Stuff off the top of my head: intel and nvidia have talked about this, various publishers mention PC revenue growth, that neat ars article about the games people own/buy, etc.
A rant that grossly generalizes about the attitudes of hundreds of journalists?
I want you to stop for a minute and think.
Is this article about trends?
Yes.
Would an article about trends speak in generalizations? Of course. That is how people talk about trends. It's implicit within any discussion of a trend that we're going to talk within generalizations. There are plenty of great people out there! But on the WHOLE... well, that's what this thread is about.
How accurate is this chart?

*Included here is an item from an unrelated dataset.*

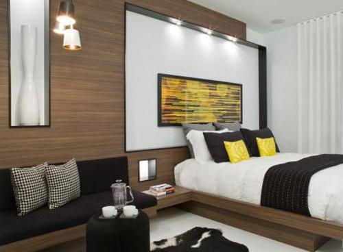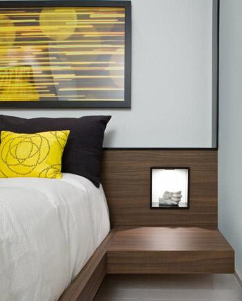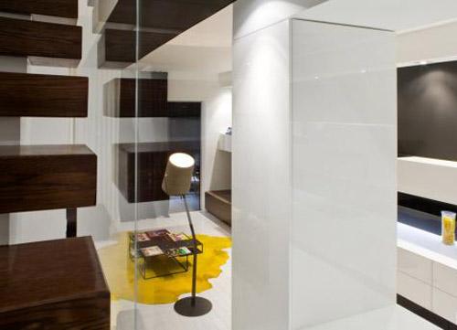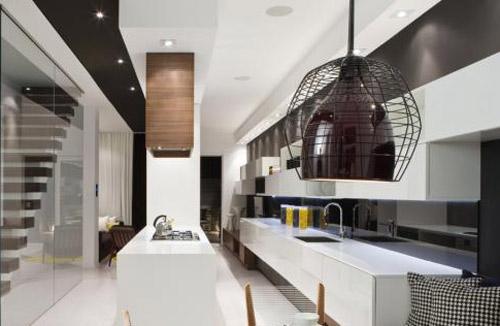 Trinity Bellwoods 联排别墅里面的其中一个单元由Cecconi Simone设计,位于加拿大多伦多,室内设计体现出现代风格。这幢联排别墅的三个单元宽度分别为4.1米、4.6米和5.8米。图片上所展示的是4.6米宽的单元的第一层和第三层,以白色、黑色、胡桃色和黄色为主色调。第一层就像是在机械工作的水车一样,仓库门随时都在开关,创造出一幅连续的虚实结合的水平构图。而楼梯、厨房的内置排气罩又创造出了垂直元素。厨房的Corian大理石吧台的零边缘设计、洗盘子的沟槽以及无光泽的防溅板体现出了精密的工艺。主卧是定制的胡桃木制家具,包括床、床头柜、沙发和放LED装饰的壁龛。加上Corian大理石的吧台和水槽等,整个设计十分华丽。

Interesting to see PS3 on top, but not all that surprising considering the superior software to the other two consoles.
Either way though, the three combined are at 37% to PC's 38% so they're pretty neck and neck.
What?
1) This data is from when the PS3's price drop was driving sales, and they were crapping out a TON of low-quality games.
2) Sony regularly loses the average metascore comparisons to Nintendo and Microsoft, especially Microsoft
3) This was when Microsoft wasn't releasing that many exclusives.
4) As someone with a pretty good background in game design, I think Sony's products overall are pretty terrible, so I find your assertion laughable at best.